Ethics is a fundamental foundation on which businesses, organization culture, society, and interactions in society are built. Ethics define the principles which are put into effect in organizations through governance structures. And some of those governance structures relate to the oversight of the management of and utilization of information in the form of what we refer to as Data Governance.

If we consider the fundamental practices of data governance, whether you are following an approach influenced by John Ladley or one aligned with Bob Seiner’s framework, or any of the other frameworks that have emerged in recent years, a critical element of data governance is defining the principles which will underpin the governance structures and the decision making around data. This is not “data governance ethics.” This is the opportunity for organizations to bake ethical principles into their approach to data governance and provide mechanisms in the design of the governance structures to give effect to those ethical principles. To focus on “data governance ethics” is to put the cart before the horse.

The ethical principles embedded in the design of your data governance model, and how they operate in practice, are a manifestation and expression of the Ethic of the Organization. Whether they are any good or are fit for purpose is a function of how well aligned the Ethic of the Organization, and the individuals in the organization, are with the Ethic of Society. Much of that depends on the normative ethical frame that the organization operates in. In our book, Katherine O’Keefe and I explore the three dominant normative ethical frames that exist in business. Each of these has an effect on how well an organization can implement ethical information management practices. If the organization is predominantly driven by a Shareholder Theory frame, then anything that is beyond the bare minimum to tick a compliance box will not be done. If the organization espouses a Stakeholder Theory frame, then there will be more chance to create discussion on trade-offs and the balance that needs to be struck.

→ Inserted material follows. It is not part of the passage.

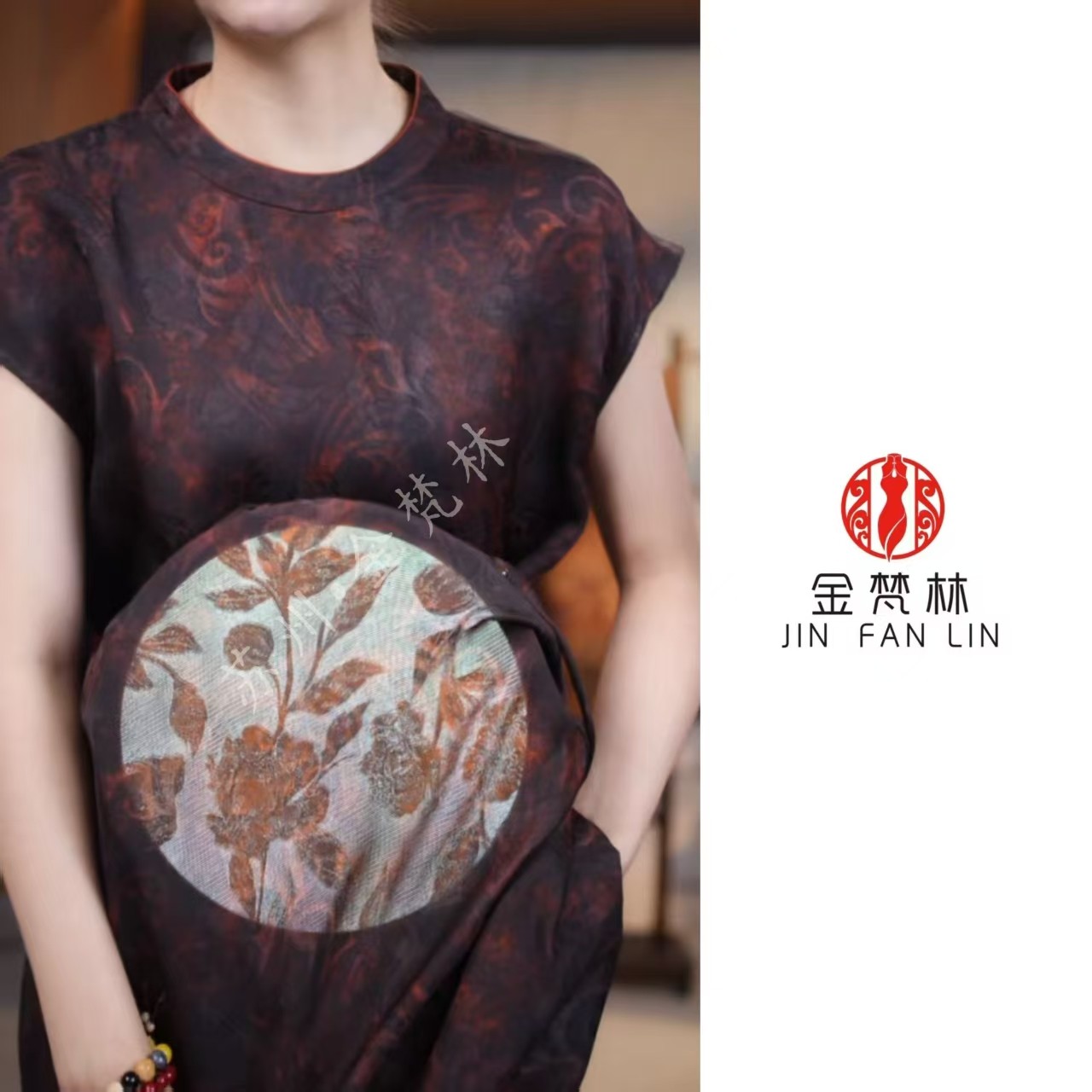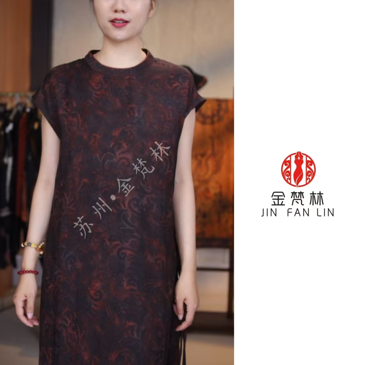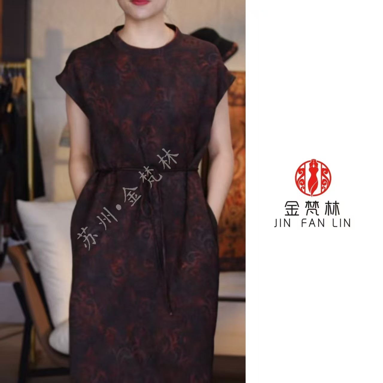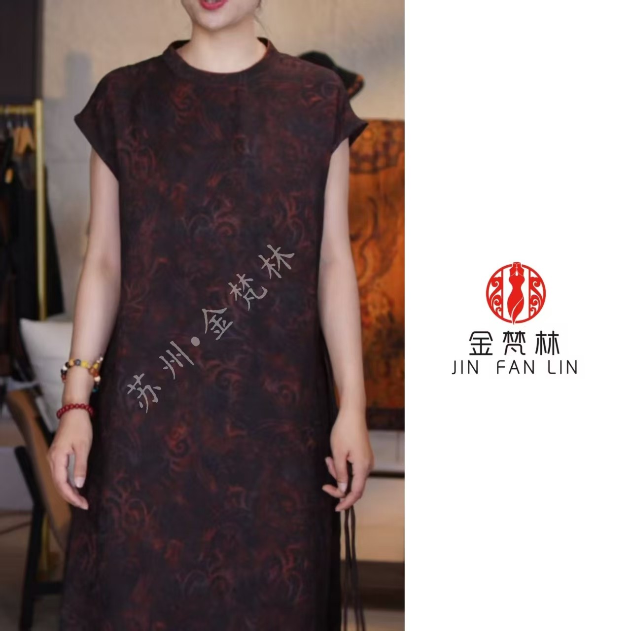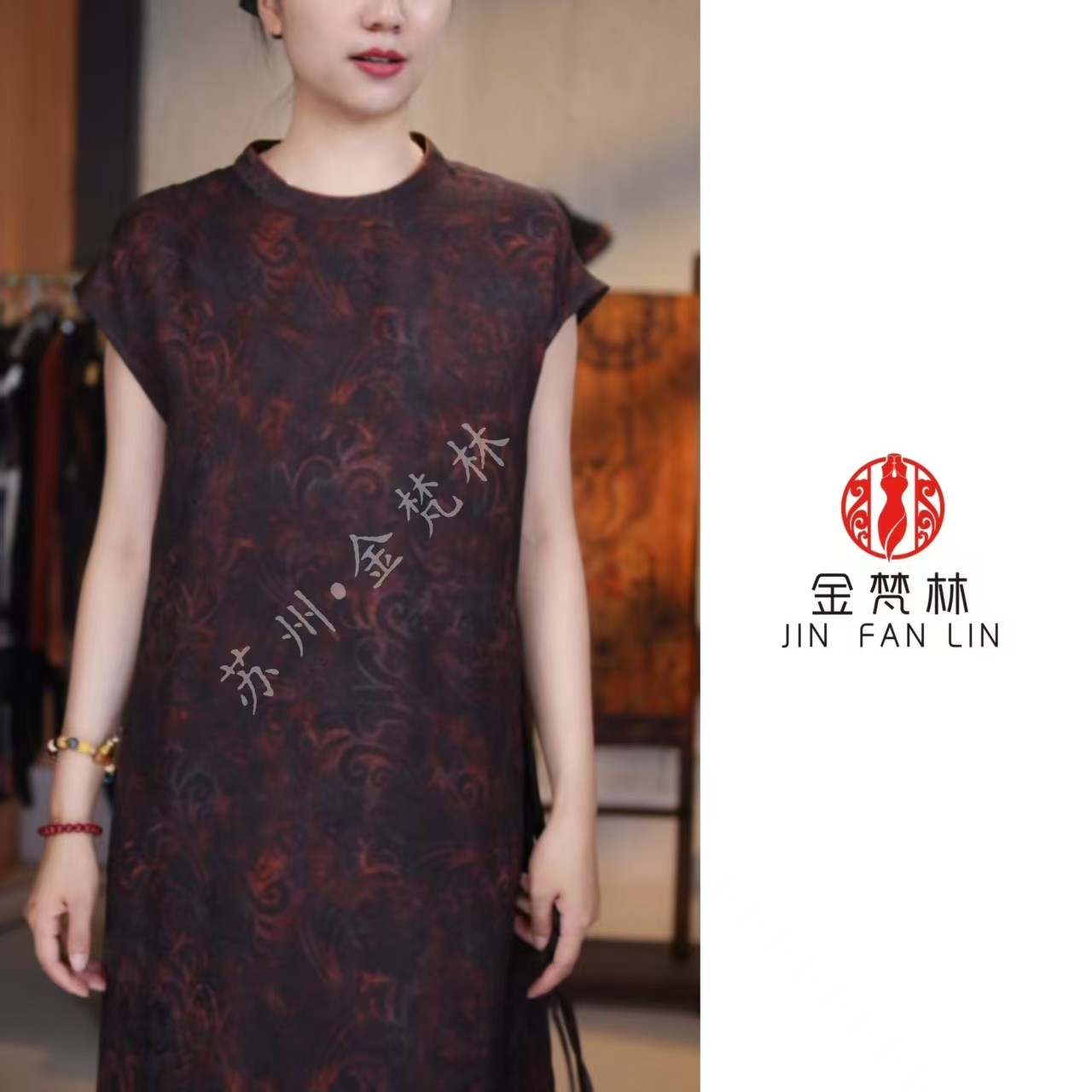 【Canghai Mingzhu】High-End Traditional Style Antique Silk Cloud Yarn New Chinese Style National Style Twisted Lace Stand-Up Collar Small Flutter Sleeve Dress

But trying to implement a Data Governance model that espouses a “balance of interests” ethos in an organization that is rigidly focused on the bottom line will not work. Either the Ethic of the Organization needs to be evolved to provide the appropriate ‘situational modifiers’ for people or the ethos espoused by the data governance principles will simply be ignored. This is not dissimilar to the challenges developing a quality systems culture in organizations, particularly in relation to data.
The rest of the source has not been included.